SitindaonNews.Com | Indonesia berhasil menciptakan buah durian tanpa duri. Buah yang proses penciptaannya dimulai sejak 2007 ini terlihat seperti melon dan terasa halus ketika dipegang alias botak atau gundul. Kelebihan lainnya adalah, durian tanpa duri ini sangat mudah dipotong, berbeda dengan durian pada umumnya.

"Alhamdulillah, aku lega. Tidak ada lagi yang bisa menyebut durian botak ini sebagai kebohongan belaka," kata Kepala Inspeksi dan Sertifikasi Benih Nusa Tenggara Barat (NTB), Maisin, seperti dikutip dari situs Mashable, Selasa, 28 April 2020.

Lebih lanjut ia menjelaskan bahwa daging pada buah ini lebih tipis namun rasanya jauh lebih manis. Jika fakta ini benar, maka Indonesia memiliki durian yang lebih manis dan lebih mudah dipotong.

Sayangnya, membuat durian gundul tidaklah mudah bagi para petani. Proses pembuatannya saja dimulai sejak 2007 di Desa Trenggaluh, dekat dengan Gunung Rinjani. Petani mengambil cangkok dari buah yang telah menumbuhkan durian botak.

Pemilik pohon awalnya curiga jika buah durian yang berbeda dari biasanya ini akan beracun.

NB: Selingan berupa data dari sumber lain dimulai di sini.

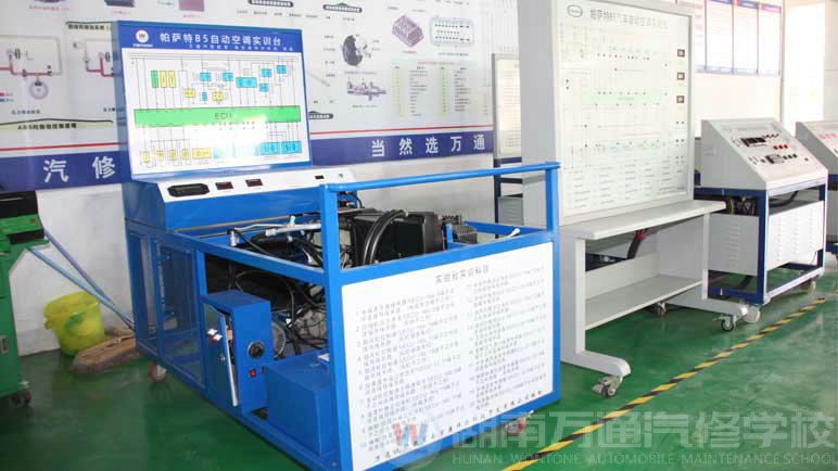 湖南萬通汽車學校為讓學生掌握汽車電器系統(tǒng)元部件的檢測、維修等技能,專門購置三十多臺包含德、美、日、中、韓五大車系汽車電控實訓設備,其中主要有:豐田、本田、大眾、通用、現(xiàn)代、福特等電控實訓臺。電控實訓中心占地面積達到300平方米,可供數(shù)十組學習維修小組同時進行學習和實際操作。

Namun karena keinginantahuan yang mendalam, ia memutuskan untuk mencobanya.

Ternyata durian gundul ini memiliki rasa yang sama dengan durian pada umumnya. Benih durian ini kemudian digunakan untuk menciptakan lebih banyak lagi durian botak.

Menurut Maisin hanya ada dua persen yang tumbuh dari apa yang mereka tanam, dan mereka resmi menyebutnya dengan 'Durian Gundul'.

Berdasarkan pengamatan, buah yang memiliki aroma tajam ini diyakini sebagai hasil dari gen resesif bunga betina dan jantan yang tumbuh ketika mereka berdekatan. Dari 40 cangkok, petani berhasil mengolah 23 ribu bibit.

Kemudian bibit dikirim ke pusat pertanian lain untuk ditanam. Percobaan untuk mendapatkan ini sebenarnya bukan untuk yang pertama. Pada 1950-an, Filipina juga berhasil menciptakan durian tanpa duri di Lembah Compostela.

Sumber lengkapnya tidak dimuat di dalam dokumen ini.